# They won't let us play



## CoverTune (Mar 11, 2007)

I live with two Chihuahuas and a Boston Terrier mix and the Chihuahuas lose their minds any time I play with the Boston. Our playing consists of a bit of tugging and some "fetch" and it causes both Chis to bark madly and chase the Boston and it's just so chaotic that they drown out the tv. 

Putting the Chihuahuas in a separate room isn't really an option because the play sessions are so spontaneous (i.e. I can't instigate play if George isn't interested, it has to be on his terms).

Any idea WHY they do this and how to curb it?

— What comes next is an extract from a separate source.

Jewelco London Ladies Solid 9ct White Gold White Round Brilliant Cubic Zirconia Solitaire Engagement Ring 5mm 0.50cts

Here's a crappy video to help give you an idea of what's going on..


----------



## taquitos (Oct 18, 2012)

I would teach them to lie down and wait. Start off really slow. Just pulling out the toy and being in the room with George. I would get the dogs that aren't playing to lie down, and then treat. I would start playing, and before the dogs get a chance to get up, reward for laying there (just drop the treat between their paws), and then work your way up until they are getting treats in longer intervals and the playing becomes more intense.

I don't know if that makes sense, but that's what I did for my foster dog who would start barking like mad every time I was training with Meeko without her lol!!

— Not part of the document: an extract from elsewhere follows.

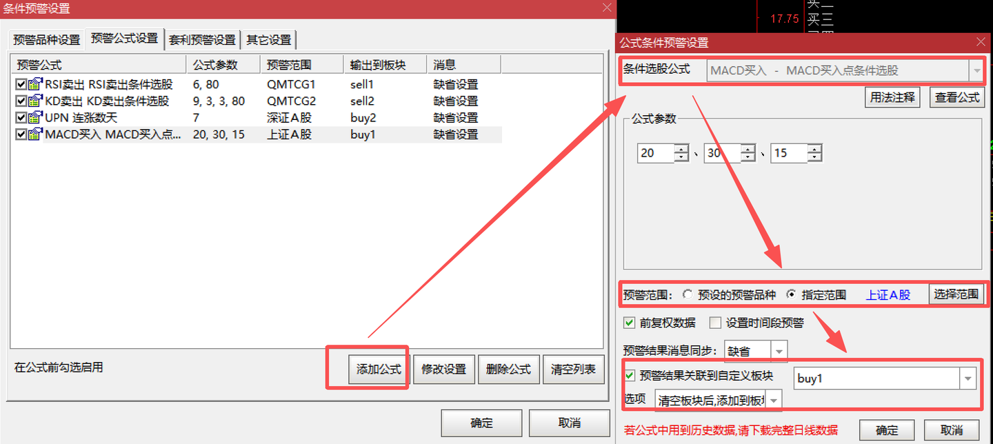 比如我这里是给“上证A股”股票池设置了“MACD买入”公式,然后把预警结果输出到了“buy1”板块,即上证A股-MACD买入-buy1

Also, slightly OT, but, CUTEST BARK EVER MY GOODNESS. SO TINY. TINY LITTLE BARKING. SO CUTE.


----------



## Canyx (Jul 1, 2011)

The action of the other dog playing is riling them up. The good news is there are definitely breaks in the barking so you have a lot to work with. I would train them to be on a 'spot', like a mat. Maybe even put them on a mat in a closed crate for starters. Play with one dog, then spontaneously reward the chis the moment they are calm and quiet. Ignore any barking. Having them contained on a spot via crate or leash would help with that at first. But eventually even if you leave the crate open or if they are untethered, or if you move the 'spot' elsewhere, they should still CHOOSE to be on the spot because that is where all the reward comes from. Takes turns rotating the dogs off their spots and playing with one at a time while rewarding the others for being calm, quiet, and waiting their turn. I also agree with taquitos; you want to start off with actions that are not so engaging at first and eventually work up to full on tug-wars with one dog when you know the others are reliable at being calm.


----------